We make the choice to live in the vessel of Earth’s instinctual life and evolve our consciousness.   For a Father’s Daughter, living in our mantle of furs isn’t easy.  We like to think and plan.  We don’t readily sit in silence and listen to our instincts or understand what our instincts are trying to tell us.  We have to learn to combine our instinct with our intellect, our senses with our intuitions.  So the hard work of naming these instincts and these feelings teaches us what they are meant for and how to choose to follow them or not.  We have to learn to work with our instincts, not repress them.  We need to understand what our instincts are telling us about our lives so that we can make difficult choices based on our inner wisdom and outer logic.
            As Clarissa Pinkola Estes details in her powerful stories in Women Who Run With the Wolves, women have lost our conscious connection to our wild, wolfish selves, the Wild Woman who is our deepest instinctive self.

Wildlife and the Wild Woman are both endangered species.

Over time, we have seen the feminine instinctive nature looted, driven back, and overbuilt.  For long periods it has been mismanaged like the wildlife and the wildlands.  For several thousand years, as soon and as often as we turn our backs, it is relegated to the poorest land in the psyche.  The spiritual lands of Wild Woman have, throughout history, been plundered or burnt, dens bulldozed, and natural cycles forced into unnatural rhythms to please others.
. . .
Healthy wolves and healthy women share certain psychic characteristics: keen sensing, playful spirit, and a heightened capacity for devotion.  Wolves and women are relational by nature, inquiring, intensely concerned with their young, their mate and their pack.  They are experienced in adapting to constantly changing circumstances; they are fiercely stalwart and very brave.
Yet both are hounded, harassed, and falsely imputed to be devouring and devious, overly aggressive, of less value than those who are their detractors.  They have been the targets of those who would clean up the wilds as well as the wildish environs of the psyche, extincting the instinctual, and leaving no trace of it behind. 13

            This wild woman archetype is at the root of Allerleirauh’s insistence on wearing the mantle of furs and laboring in it.

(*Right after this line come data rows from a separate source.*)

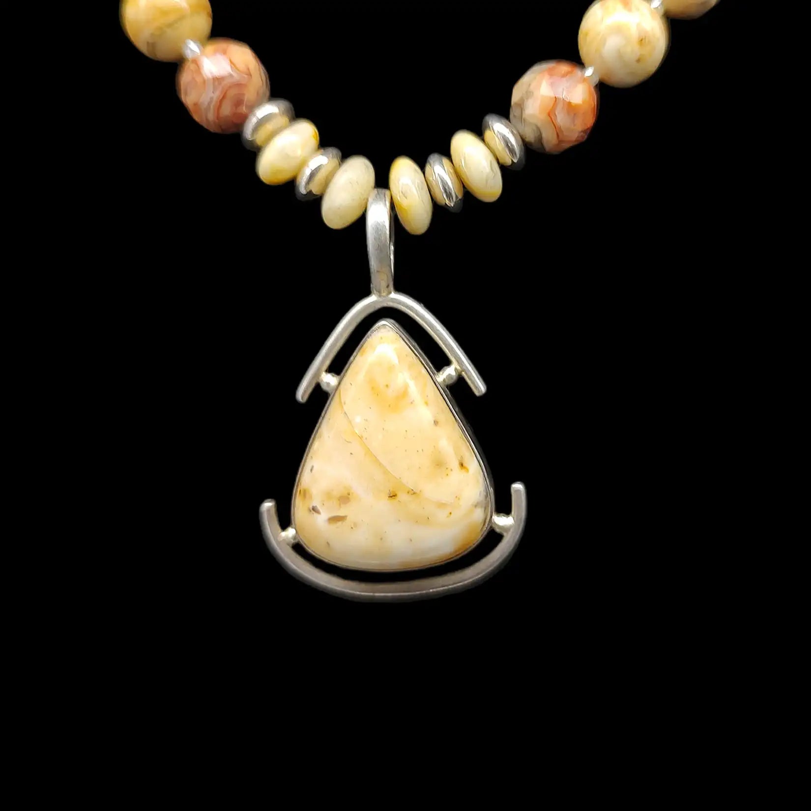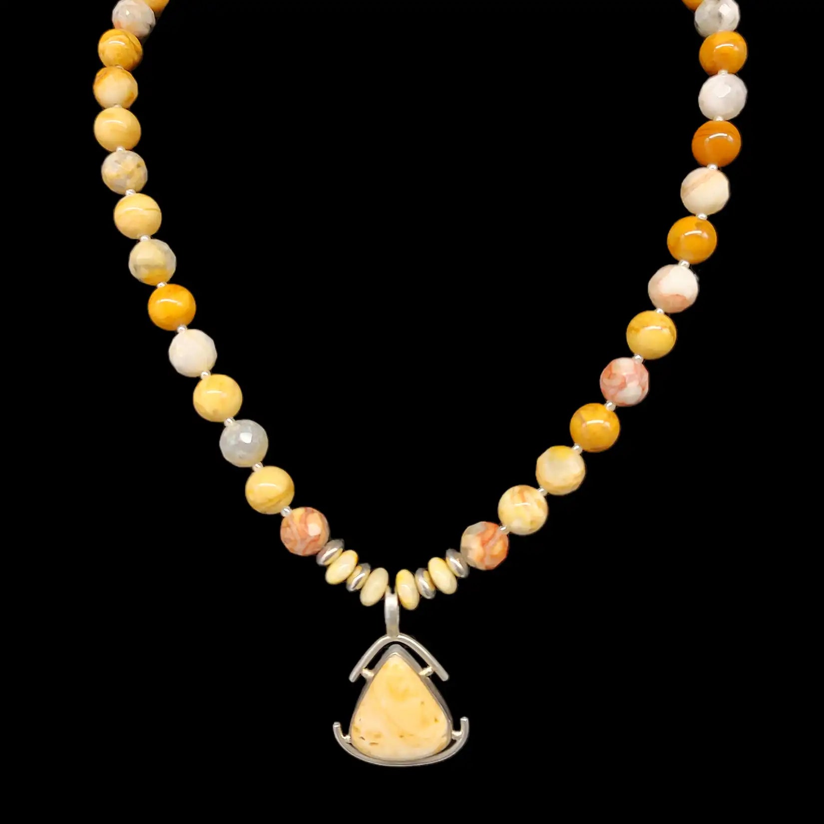 Yellow Jasper Pendant set in Sterling Silver, Polychrome Jasper Faceted Beads; with little Crystals spacers, Silver Beads, and Sterling Silver Clasp. 18 inches.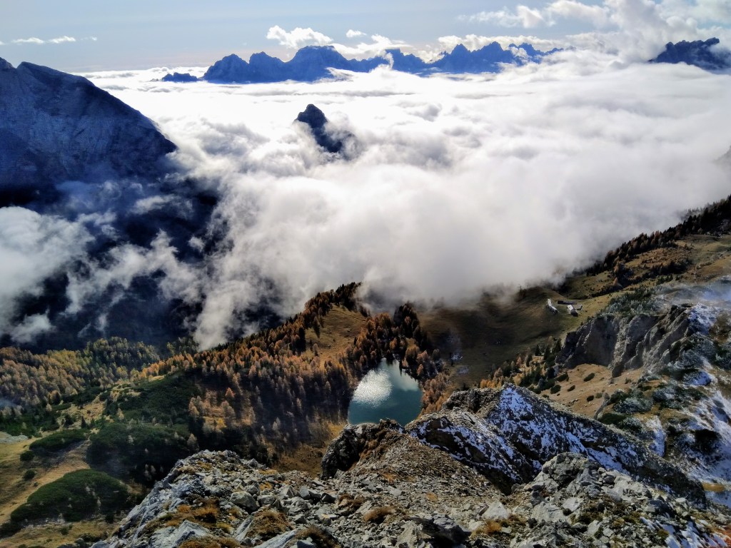 Saliamo quindi oggi alla volta di una delle mete più in voga delle cime carniche. Un contesto di punte grigie che sovrastano dorsali rossastre, su bacini ininterrotti di praterie e mughete. E due gocce d’acqua spettacolari.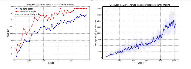 Figure 1 (a) AIME accuracy of DeepSeek-R1-Zero during training. AIME takes a mathematical problem as input and a number as output, illustrated in Table 32. Pass@1 and Cons@16 are described in Supplementary D.1. The baseline is the average score achieved by human participants in the AIME competition. (b) The average response length of DeepSeek-R1-Zero on the training set during the RL process. DeepSeek-R1-Zero naturally learns to solve reasoning tasks with more thinking time. Note that a training step refers to a single policy update operation.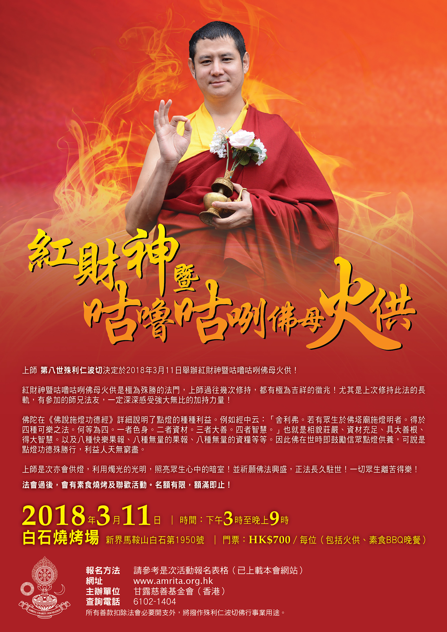 上師 第八世殊利仁波切決定於2018年3月11日舉辦紅財神暨咕嚕咕咧佛母火供!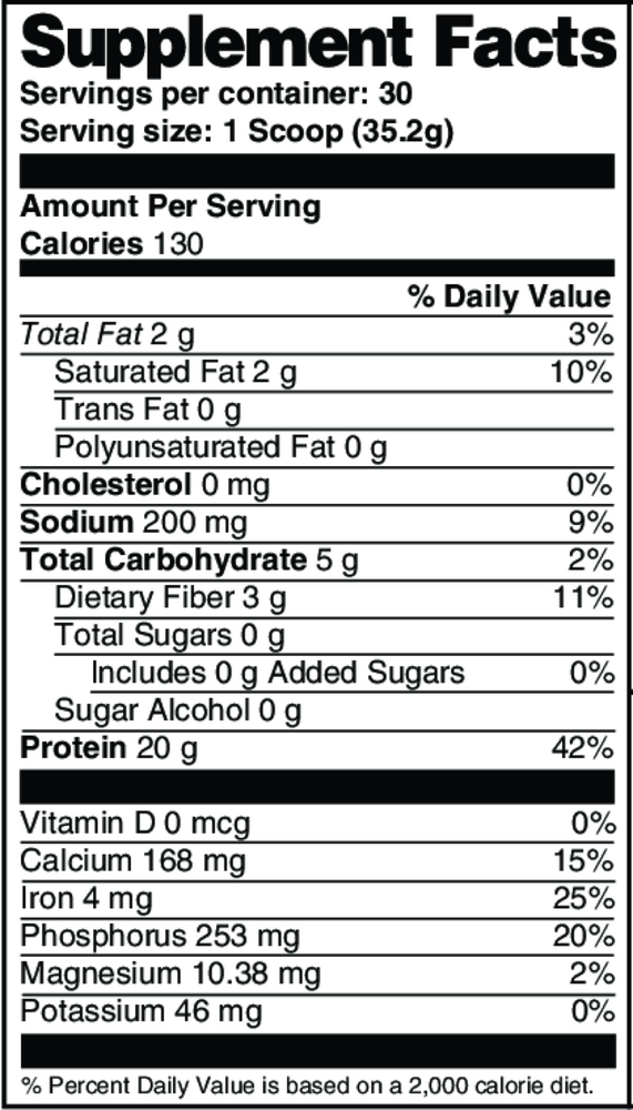 A hypoallergenic, vegetarian, low carbohydrate meal replacement powder suitable for those with food allergies and food sensitivities.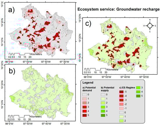 Demand (a), supply (b), and budget (c) of ecosystem service “groundwater recharge”, according to the land-use/land-cover matrix assessment by Burkhard et al. [40]. Prepared by the authors with information from INEGI [31].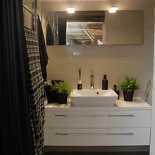 Vannitoa ees seistes muigab Tiina korraks, enne kui uste lugu rääkima hakkab. „Me ei osanud siia tükk aega uksi leida. Ükskord helistasin Veljole, et kuule, ma panin tubadele uksed ette,” naerab ta, tõmmates ukseava ette musta värvi kardina. „Ma olen ju õmblustehnoloog! Nipp on selles, et need peavad jooksma kahe nööri peal, muidu vajuvad ära.”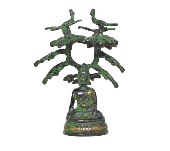 Brass Bhumisparsha Mudra Buddha Tree Idol (Height: 6.5 Inches)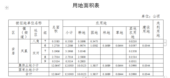本次征收遂宁市安居区凤凰街道八角社区7组,双河社区6、7、8、9组等土地共计12.0647公顷,用地面积见下表。
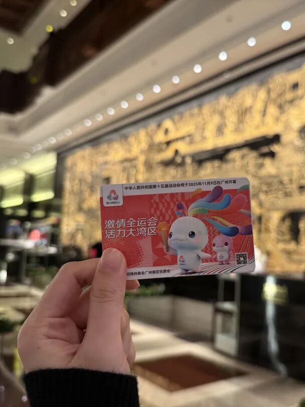 当体育盛事邂逅城市地标,广州花园酒店以“盛事与服务的高度融合”贯穿服务全程。从礼宾标识、文创展示到公共区域布置,全运氛围浸润空间肌理;赛事专属咨询台与服务通道,让宾客便捷衔接赛场激情。匠心打造的沉浸式主题服务——十五运主题房卡、定制茶点与客房专属点餐,让每一次入住都成为与盛事零距离的体验。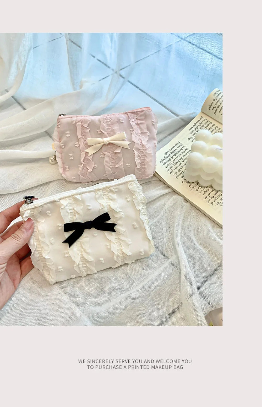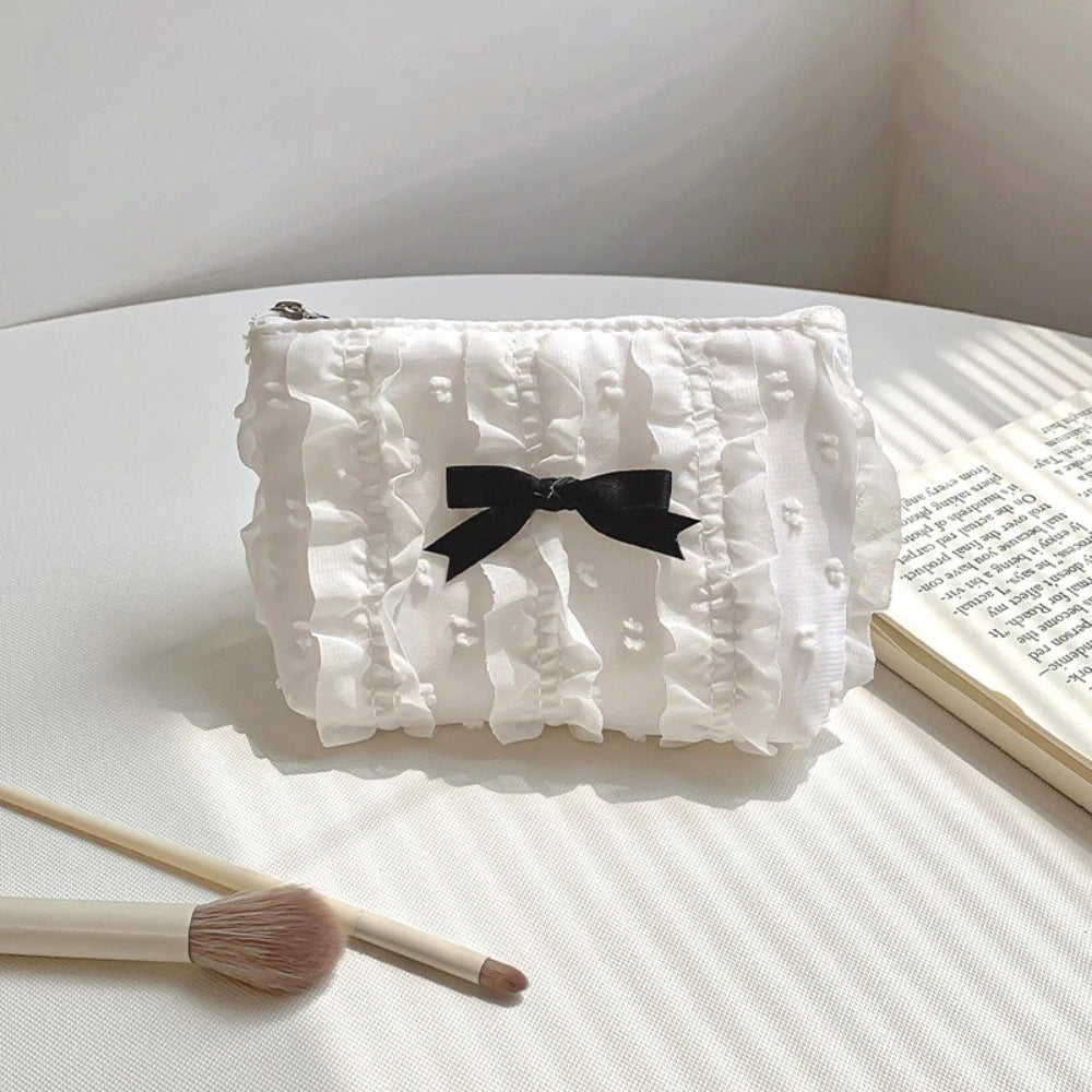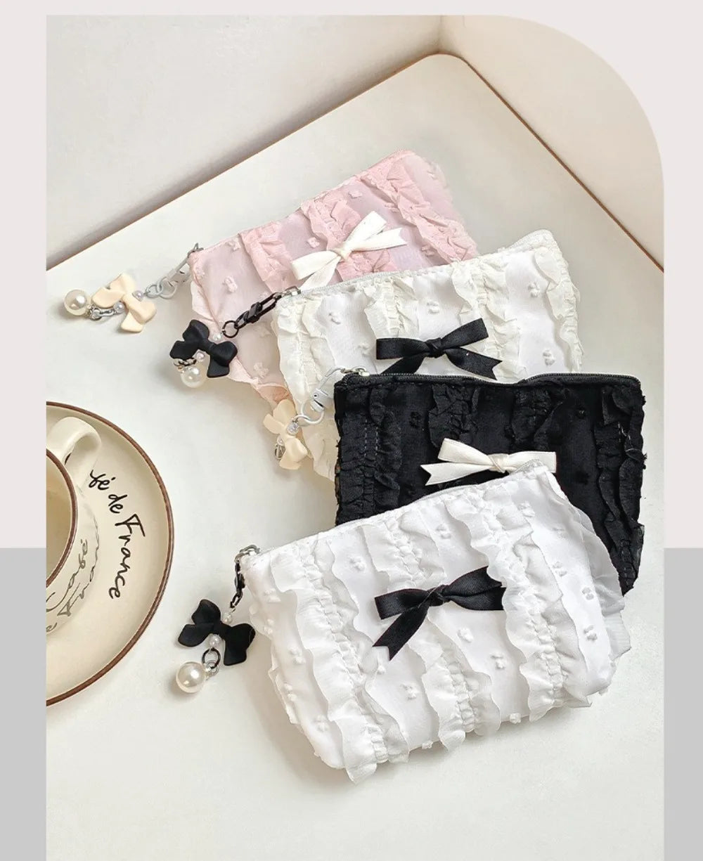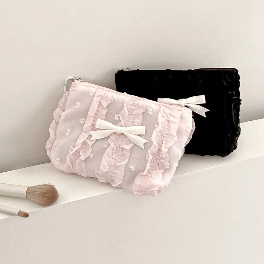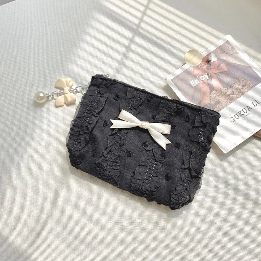 Cute Women Makeup Mini Bag Korean Lace Bow Portable Coin Purse Small Pouch Handbag Kawaii Female Cosmetic Storage Zipper Bag

She knows the psychological truth that it is our wild instinctual nature which has been injured by the Father’s desire to marry her, and which has been injured by her mother’s demand of the king’s promise.  The only way to regain our feminine wisdom and standpoint is to allow the wild energies within us to have their say.  These energies move us to dance, to adorn ourselves with beauty, to take joy in our bodies, to come out and play, activities which until recently were forbidden to women by Western cultural mores and which are still forbidden to women in Islamic countries.  Women are now re-defining ourselves outside the patriarchal conditions that have dominated our self-awareness for millennia.  A rare and talented storyteller, Estes opens up our understanding of the Wild Woman archetype.  Her book is required reading for any wild woman in this stage of transformation.